Maybe our kids would be attending church if we had been somewhere else. Maybe not. We also have three of them.
As someone told me several years back - "you did the best you could with what you knew" which I think is pretty good advice. Cut yourself some slack.
I'm glad we now see things differently, and I think more clearly and correctly.
Doug
merry-go round horse
05-26-2005, 05:14 PM
Hey Joe momma :) I don't think you are the only one questioning your every movement. I like you have spent many ...MANY hours asking unanswerable questions. All I can tell you is that no one person can be that guilty of so much without really knowing the offense. I have finally come to the conclusion that people...and whole groups of them ..can be wrong. Some are closer to the middle and buy into the "culture" unquestionably. Other church goers are so on the fringe they are oblivious to anything good or bad going on. All in all , it is a culture. Cultures accept and embrace certain things. Our church embraces "DYNAMIC" leadership over honest and humility. They have had a dynamic leader for over 14 years. I wish you could get to the point where you can walk away and say..I'm not playing this game anymore. You would be surprised at how so few people will follow. The ones that do have the same concerns as you. Do you remember the story of t"The Emporer's New Clothes"? The little boy was honest about what was really there wasn't he. Be assured that the best you can do for your family and loved ones is just to love them with the love of Christ (not a dysfunctional doormat love thought) Isn't God big enough to heal them as He will heal you.
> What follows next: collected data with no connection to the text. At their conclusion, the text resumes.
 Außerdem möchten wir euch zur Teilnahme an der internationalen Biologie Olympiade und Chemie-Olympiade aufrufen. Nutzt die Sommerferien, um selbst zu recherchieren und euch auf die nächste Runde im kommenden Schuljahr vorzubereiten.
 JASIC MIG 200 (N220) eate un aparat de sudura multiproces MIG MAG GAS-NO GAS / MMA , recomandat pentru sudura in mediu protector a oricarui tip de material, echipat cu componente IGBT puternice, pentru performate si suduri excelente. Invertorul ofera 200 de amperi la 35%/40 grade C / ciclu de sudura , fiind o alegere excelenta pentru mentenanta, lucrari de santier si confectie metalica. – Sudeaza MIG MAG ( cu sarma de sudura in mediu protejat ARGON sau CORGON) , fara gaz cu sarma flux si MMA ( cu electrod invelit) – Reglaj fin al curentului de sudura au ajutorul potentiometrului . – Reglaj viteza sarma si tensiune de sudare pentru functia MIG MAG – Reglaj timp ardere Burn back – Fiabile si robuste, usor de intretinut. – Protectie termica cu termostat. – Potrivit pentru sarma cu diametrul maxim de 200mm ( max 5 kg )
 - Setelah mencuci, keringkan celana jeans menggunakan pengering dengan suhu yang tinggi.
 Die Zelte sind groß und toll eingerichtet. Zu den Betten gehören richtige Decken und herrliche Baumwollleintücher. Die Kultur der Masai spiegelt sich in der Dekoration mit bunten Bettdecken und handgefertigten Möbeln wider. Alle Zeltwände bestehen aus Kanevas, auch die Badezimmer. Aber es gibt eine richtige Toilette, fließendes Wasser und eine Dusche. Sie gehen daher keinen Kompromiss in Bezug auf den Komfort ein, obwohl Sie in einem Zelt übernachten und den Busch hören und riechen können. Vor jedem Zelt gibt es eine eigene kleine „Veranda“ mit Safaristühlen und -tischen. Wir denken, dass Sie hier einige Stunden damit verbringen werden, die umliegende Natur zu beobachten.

My sister had a grain of wisdom. Mybe the church didn't out grow their need for your type of input....maybe you outgrew their small ideas HMMM
Be assured...Jesus sees it all and weighs the motives. Ask Him to specifically show you anything that need confession. Satan deals in generalities...God is specific about our sins and needs for confesssion.
Hope You can heal soon, MGRH
PS....Yeah...I think we do go to the same church...it is a kind of "churchianty" mindset that is destroying the true message of the gospel. Very tragic!!!!!!!!!!